▶ [Task details]:
Output word for word the lines from the one with "4 мая 2006." to the final line of the data, both ends included, but skip the pictures.

───── Data to process

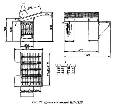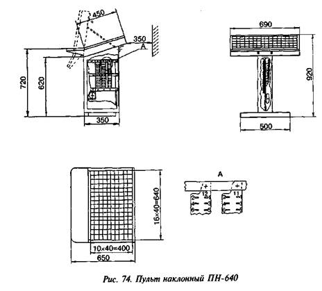 Некоторые конструктивные особенности. Внешний вид пульта наклонного ПН-640 (черт. 17358-00-00) приведен на рис. 74, ПН-1120 (черт. 17354-00-00) — на рис. 75.
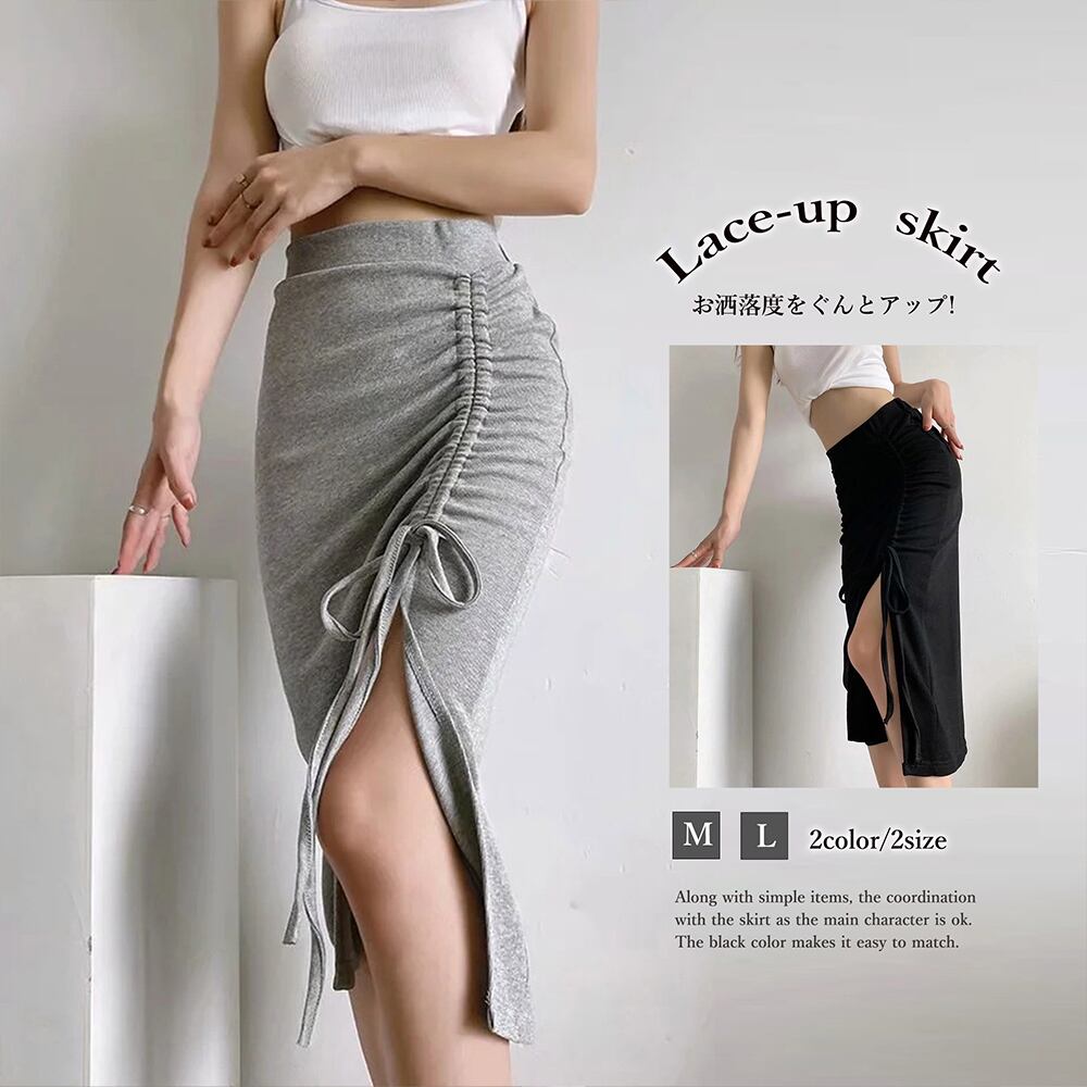 スカート黒ギャザー ボトムススプリング フェミニン通勤脚長
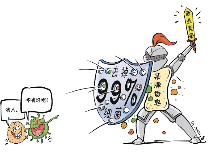 “去除99%细菌”?这条消费者熟悉的广告语,可能要被“去除”了。近日,广州宝洁有限公司因在一款香皂外包装上,将没有充分科学论证的“去除99%细菌”进行突出标注,被罚款20万元,并责令停止违法行为。夸大产品功能,不仅会让消费者产生误解,也涉嫌不公平竞争,使该商品在和同类产品竞争时处于有利地位,损害其他经营者合法权益。(据《北京晚报》)
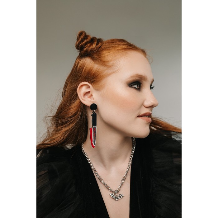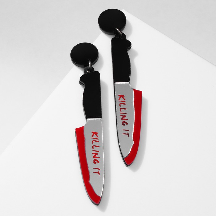 Серьги акриловые «Ножи» окровавленные, цвет красно-белый в чёрном металле — Характеристики
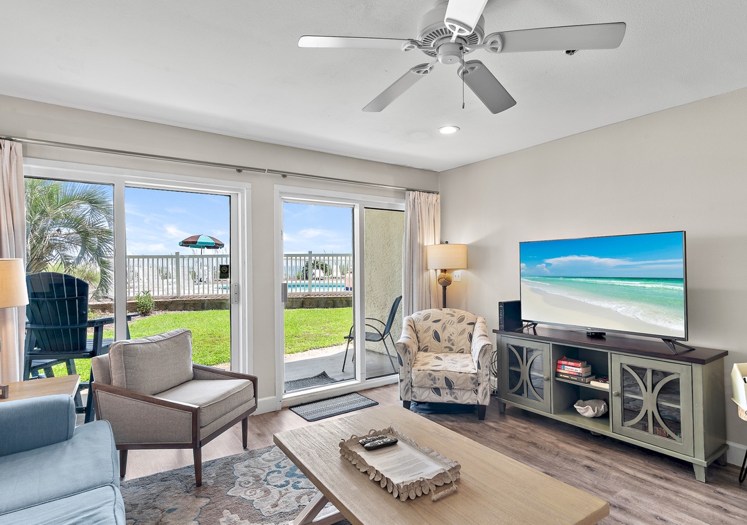 My wife and I decided to take a last-minute trip to the Destin area. We were looking for a walk out beachfront property and this one was a great fit! With the included chair and umbrella service we were able to get out every morning with a guaranteed spot (day 1 get there at 8am and the chairs will be reserved for you the rest of your stay). That made it very convenient and we didn’t have to rush down there every morning to reserve a spot. This condo was also steps from the pool. That was also very convenient. However, if you were wanting a direct ocean view the pool blocks that some. it was also an enough convenient location with the Winn-Dixie 1/2 mile away other shops and restaurants very close by.- Reviewed On: 7/10/2024
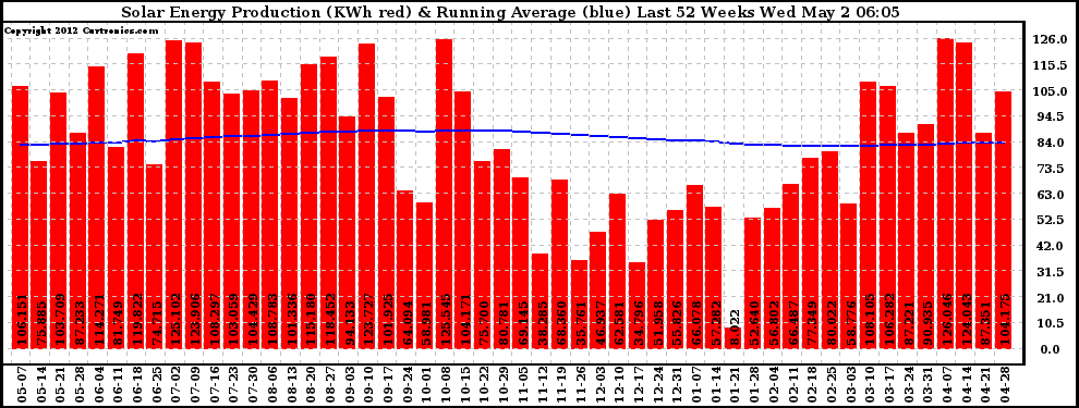 20120502 Weekly Solar Energy Production Running Average Last 52 Weeks
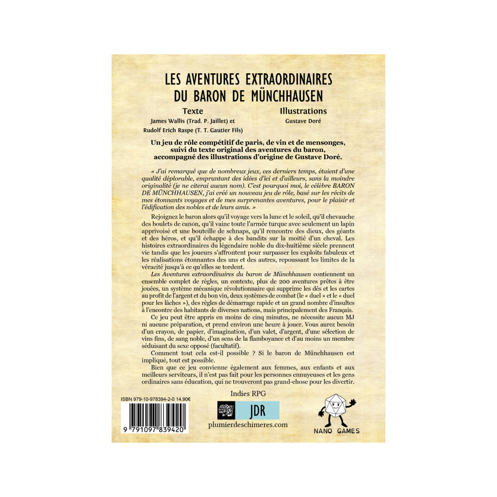 « J’ai remarqué que de nombreux jeux, ces derniers temps, étaient d’une qualité déplorable, empruntant des idées d’ici et d’ailleurs, sans la moindre originalité (je ne citerai aucun nom). C’est pourquoi moi, le célèbre BARON DE MUNCHAUSEN, j’ai créé un nouveau jeu de rôle, basé sur les récits de mes étonnants voyages et de mes surprenantes aventures, pour le plaisir et l’édification des nobles et de leurs amis. »
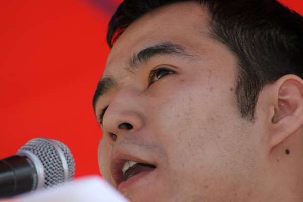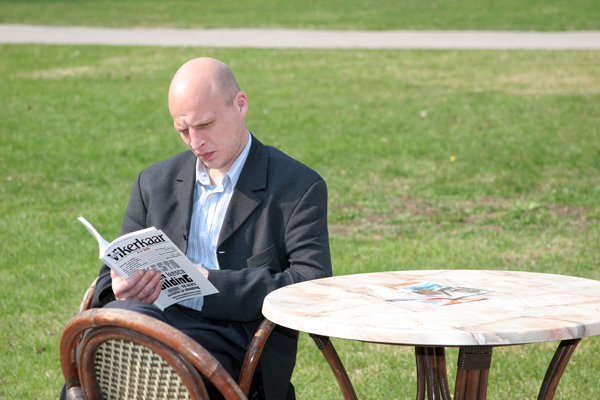 4 мая 2006. Тарту. Открытая сцена перед Университетской библиотекой. Ербол Жумагулов и папарацци.
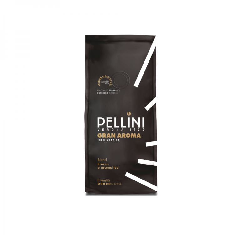 PELLINI GRAN AROMA е деликатна смес 100% Арабика с изискан ароматен профил, включващ флорални нотки и сладки нотки на амарето, които ѝ придават уникално и обгръщащо удоволствие.
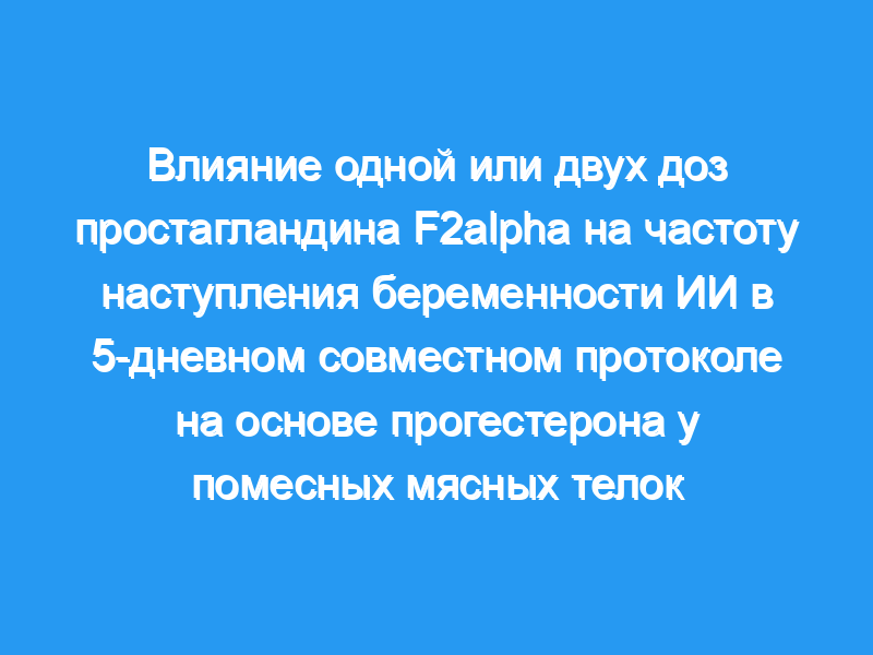 С учетом значимых переменных, таких как местоположение (P <, 0,01), телки в течке во время или до ИИ (P <, 0,001), и лечение взаимодействием местоположения (P & lt, 0,01), две дозы PGF на 5-й день, как правило, имели более высокие показатели беременности для своевременного ИИ по сравнению с теми, кто получал одну дозу PGF (P = 0,06). В заключение, у телок, получавших две дозы PGF при удалении CIDR на 5-й день по 5-дневному протоколу CIDR-CO-Synch, как правило, была более высокая частота наступления беременности, чем у тех, кто получал только одну дозу PGF.
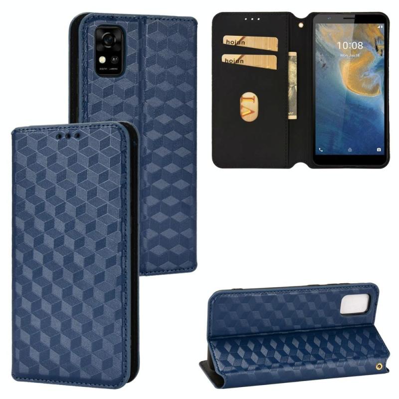 For ZTE Blade A31 Cubic Grid Texture Flip Leather Phone Case(Blue)
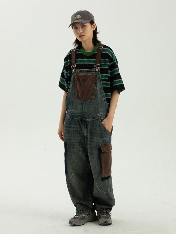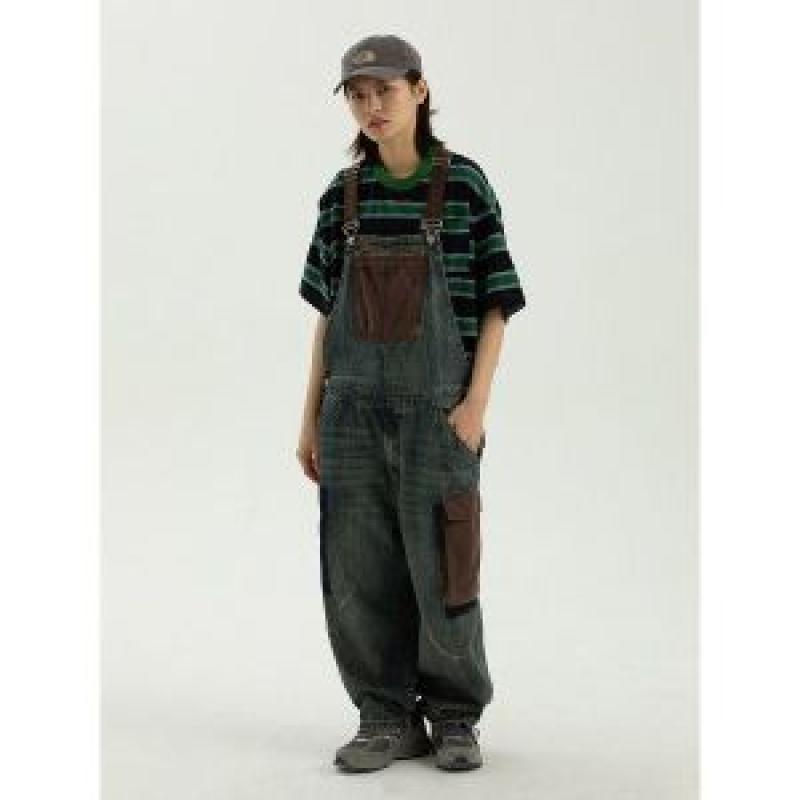 멜빵바지 복고풍 오버핏 점프슈트 청

──────────

▶ [Answer area]:
 4 мая 2006. Тарту. Открытая сцена перед Университетской библиотекой. Ербол Жумагулов и папарацци.
 PELLINI GRAN AROMA е деликатна смес 100% Арабика с изискан ароматен профил, включващ флорални нотки и сладки нотки на амарето, които ѝ придават уникално и обгръщащо удоволствие.
 С учетом значимых переменных, таких как местоположение (P <, 0,01), телки в течке во время или до ИИ (P <, 0,001), и лечение взаимодействием местоположения (P & lt, 0,01), две дозы PGF на 5-й день, как правило, имели более высокие показатели беременности для своевременного ИИ по сравнению с теми, кто получал одну дозу PGF (P = 0,06). В заключение, у телок, получавших две дозы PGF при удалении CIDR на 5-й день по 5-дневному протоколу CIDR-CO-Synch, как правило, была более высокая частота наступления беременности, чем у тех, кто получал только одну дозу PGF.
 For ZTE Blade A31 Cubic Grid Texture Flip Leather Phone Case(Blue)
 멜빵바지 복고풍 오버핏 점프슈트 청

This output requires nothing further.